A Saudi woman has been executed for practising "witchcraft and sorcery", the country's interior ministry says.
A statement published by the state news agency said Amina bint Abdul Halim bin Salem Nasser was beheaded on Monday in the northern province of Jawf.
The ministry gave no further details of the charges which the woman faced.
The woman was the second person to be executed for witchcraft in Saudi Arabia this year. A Sudanese man was executed in September.
'Threat to Islam'
BBC regionalist analyst Sebastian Usher says the interior ministry stated that the verdict against Ms Nasser was upheld by Saudi Arabia's highest courts, but it did not give specific details of the charges.
The London-based newspaper, al-Hayat, quoted a member of the religious police as saying that she was in her 60s and had tricked people into giving her money, claiming that she could cure their illnesses.
Our correspondent said she was arrested in April 2009.

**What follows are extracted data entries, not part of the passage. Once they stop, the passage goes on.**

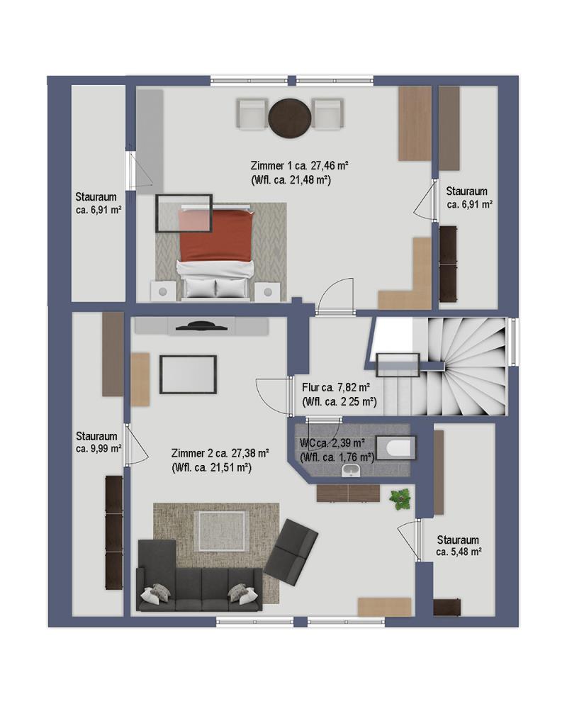DG: WC, 2 Zimmer, Flur, Speicher
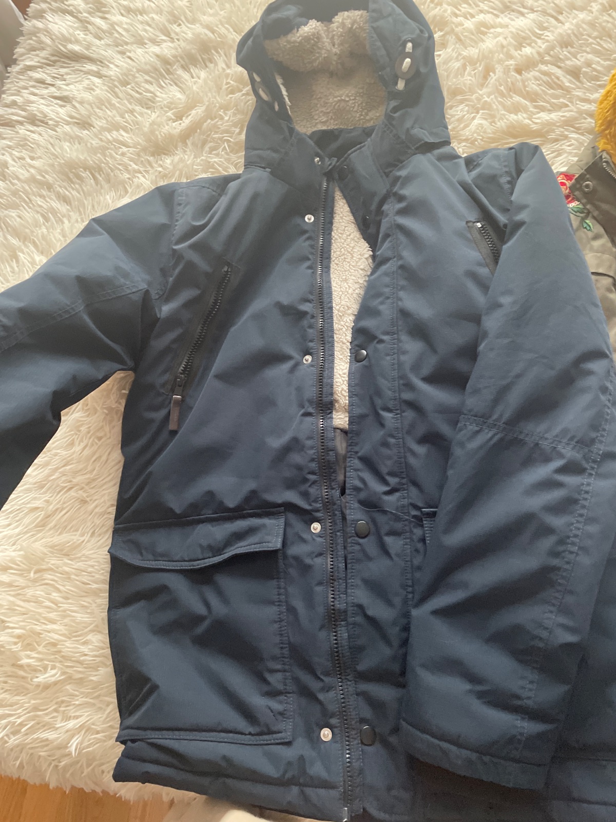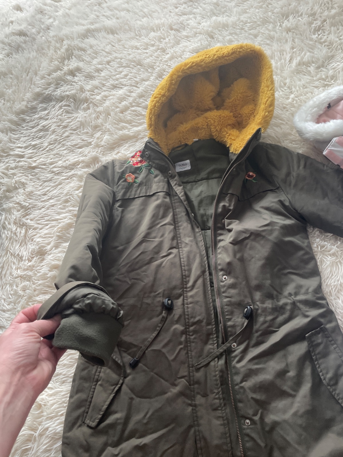 2x oblečená bez poškodenia, ,predĺžená, vysoký golier, chýba kapucňa, 165 -14rokov, je na cvoky , dĺžka69cm šírka 45cm rukáv 66cm , ch.
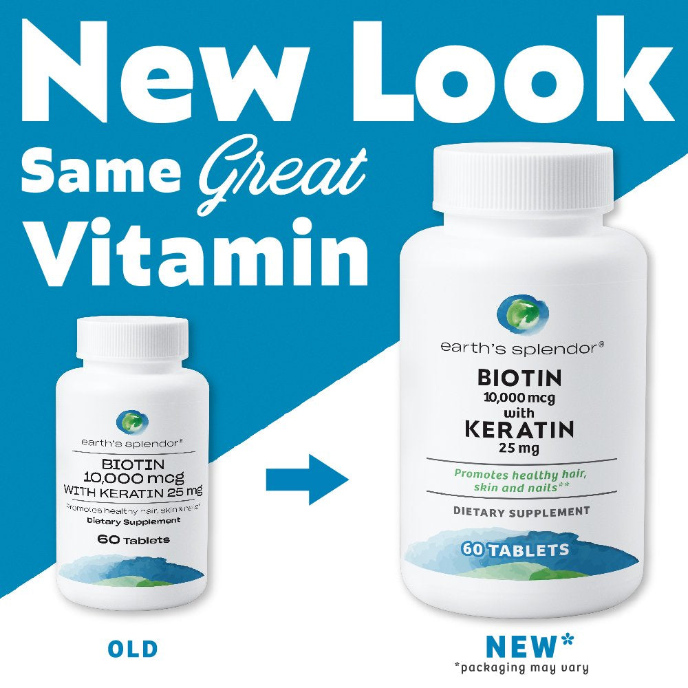 Earth's Splendor Biotin 10,000 mcg + Keratin 25mg, 60- Day Supply
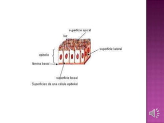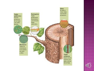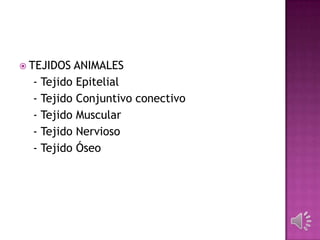 Este documento describe los diferentes tipos de tejidos animales y vegetales. En los animales se mencionan el tejido epitelial, conjuntivo, muscular, nervioso y óseo. En los vegetales se describen el tejido meristemático, protector, absorbente, mecánico, fundamental, conductor y glandular. Para cada tejido se especifican sus características y funciones principales.
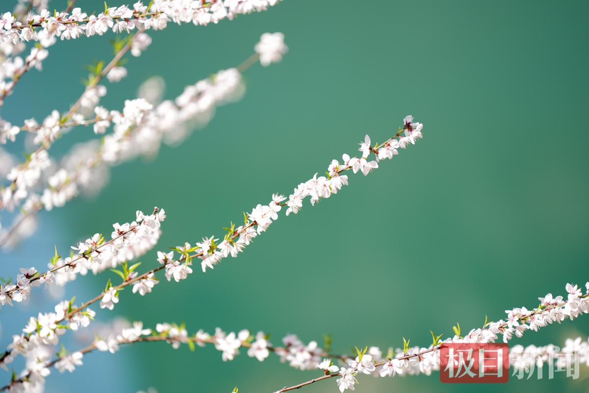 车窗外的山峦层层叠叠。不同于园林桃花的秾丽,散生于峭壁、岩隙的野桃花疏落有致、风姿天成。素雅的白花为主,间或点缀几树粉红,如珍珠洒落浩瀚绿毯,为巍峨山体平添几分俏皮生机。
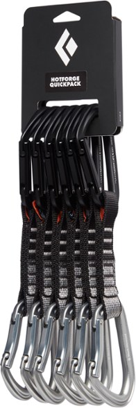 Ideal for cranking on sport routes or extending gear placements, the Black Diamond HotForge Quickpack set of 6 quickdraws features straight-gate HotForge carabiners lashed to bent-gates.
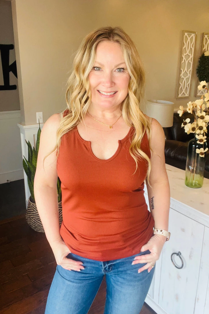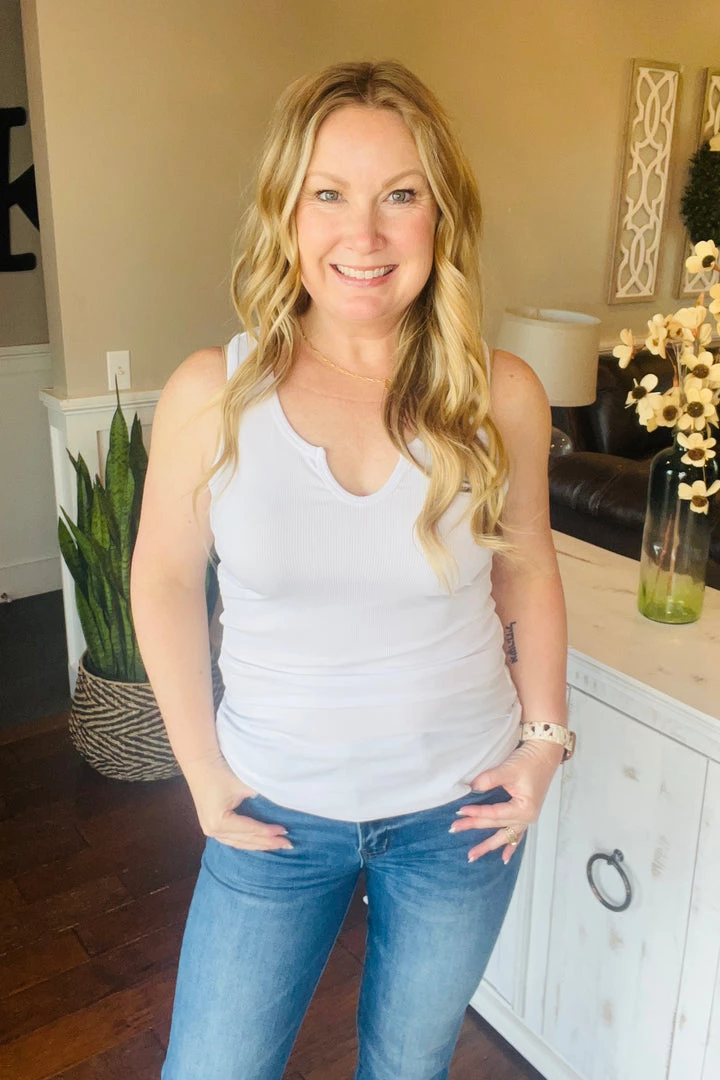 This tank has a split neckline, slim fit silhouette and sleeveless design.
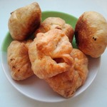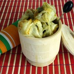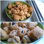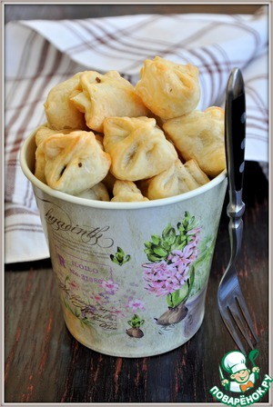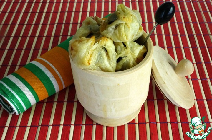Первый раз я купила тесто, но оно оказалось недостаточно раскатано, поэтому получилось много теста и мало начинки. И не совсем у нас с мужем удалось удачно слепить эти мешочки
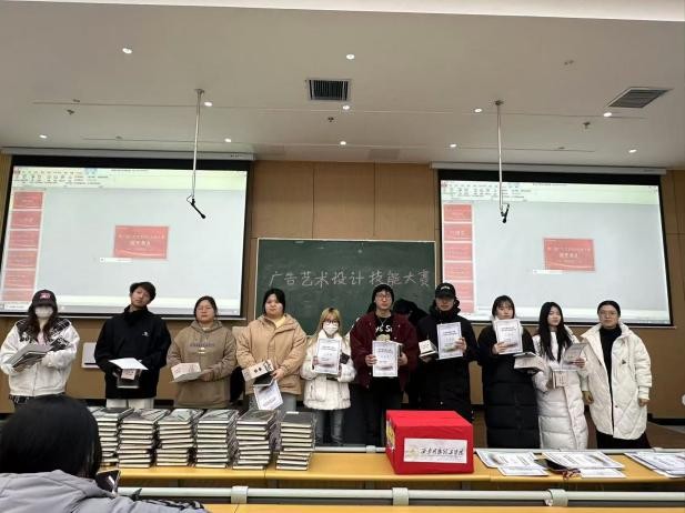 2025年1月2日颁奖典礼在庄重而热烈的氛围中举行。广告艺术专业的舒粉利老师发表了鼓舞人心的致辞,首先表示了对高职学院的大力支持表示衷心感谢,并对参赛学生们的卓越创造力给予了高度评价。随着颁奖进程的推进,一等奖、二等奖、三等奖及优秀奖的获奖名单逐一揭晓,获奖者们满怀喜悦地走上领奖台,从专业教师手中接过荣誉证书和丰厚奖品。这一时刻,是对他们个人才华和辛勤努力的最好肯定。
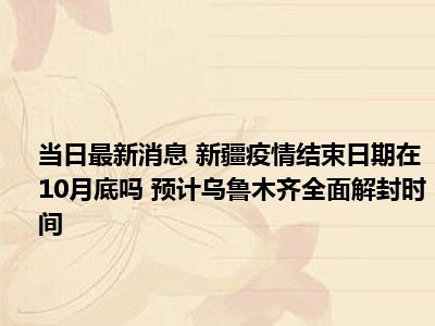 导读 新疆疫情结束日期在10月底吗 预计乌鲁木齐全面解封时间现在是大家比较关注的,因为目前新疆疫情结束日期在10月底吗 预计乌鲁木齐全面解...
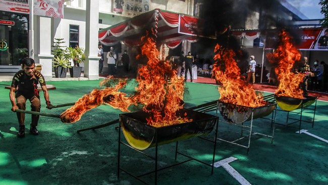 Ternate - Kejaksaan Negeri Ternate melakukan pemusnahan barang bukti narkoba, Jumat (6/9/2024). Pemusnahan dengan cara dibakar di halaman Kantor Kejaksaan Negeri Ternate.

But the human rights group Amnesty International, which has campaigned for Saudis previously sentenced to death on sorcery charges, said it had never heard of her case until now, he adds.
A Sudanese man was executed in September on similar charges, despite calls led by Amnesty for his release.
In 2007, an Egyptian national was beheaded for allegedly casting spells to try to separate a married couple.
Last year, a Lebanese man facing the death penalty on charges of sorcery, relating to a fortune-telling television programme he presented, was freed after the Saudi Supreme Court decreed that his actions had not harmed anyone.
Amnesty says that Saudi Arabia does not actually define sorcery as a capital offence. However, some of its conservative clerics have urged the strongest possible punishments against fortune-tellers and faith healers as a threat to Islam.